Beneath this line are entries. Copy the range from the line with "- This nautical" to the line with "Tossed Medium Pastel Dots On White Slip Ons", ends included, exactly; leave pictures out.

Entries supplied:
-------------------------

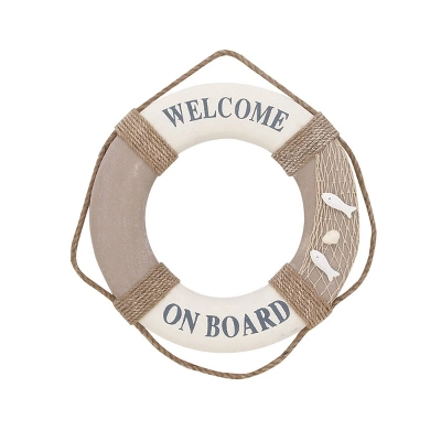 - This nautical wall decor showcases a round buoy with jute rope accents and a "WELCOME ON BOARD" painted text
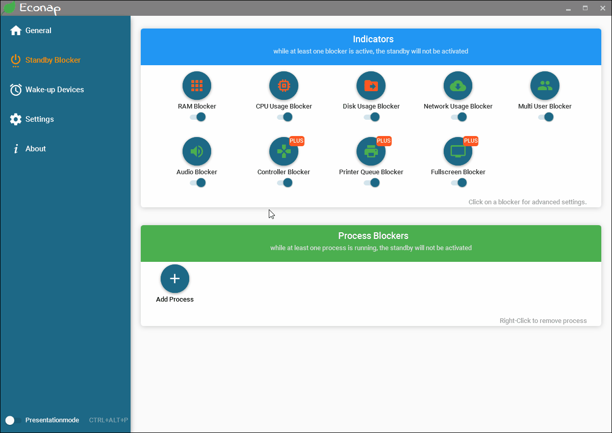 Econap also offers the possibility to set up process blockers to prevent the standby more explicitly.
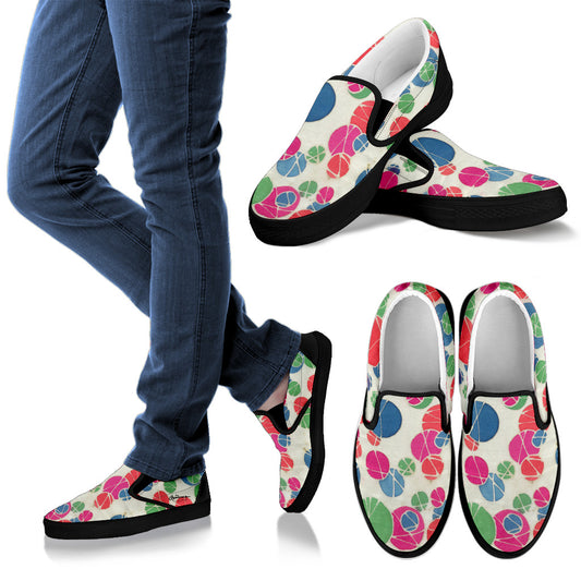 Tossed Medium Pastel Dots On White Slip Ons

-------------------------

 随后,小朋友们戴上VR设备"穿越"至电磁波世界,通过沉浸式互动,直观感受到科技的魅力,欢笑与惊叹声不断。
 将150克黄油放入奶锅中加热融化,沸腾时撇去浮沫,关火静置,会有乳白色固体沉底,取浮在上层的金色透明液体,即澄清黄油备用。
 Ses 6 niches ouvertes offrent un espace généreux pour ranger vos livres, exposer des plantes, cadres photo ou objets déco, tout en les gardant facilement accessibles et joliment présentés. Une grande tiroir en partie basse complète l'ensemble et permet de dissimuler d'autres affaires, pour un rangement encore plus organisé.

-------------------------

Answer:
 - This nautical wall decor showcases a round buoy with jute rope accents and a "WELCOME ON BOARD" painted text
 Econap also offers the possibility to set up process blockers to prevent the standby more explicitly.
 Tossed Medium Pastel Dots On White Slip Ons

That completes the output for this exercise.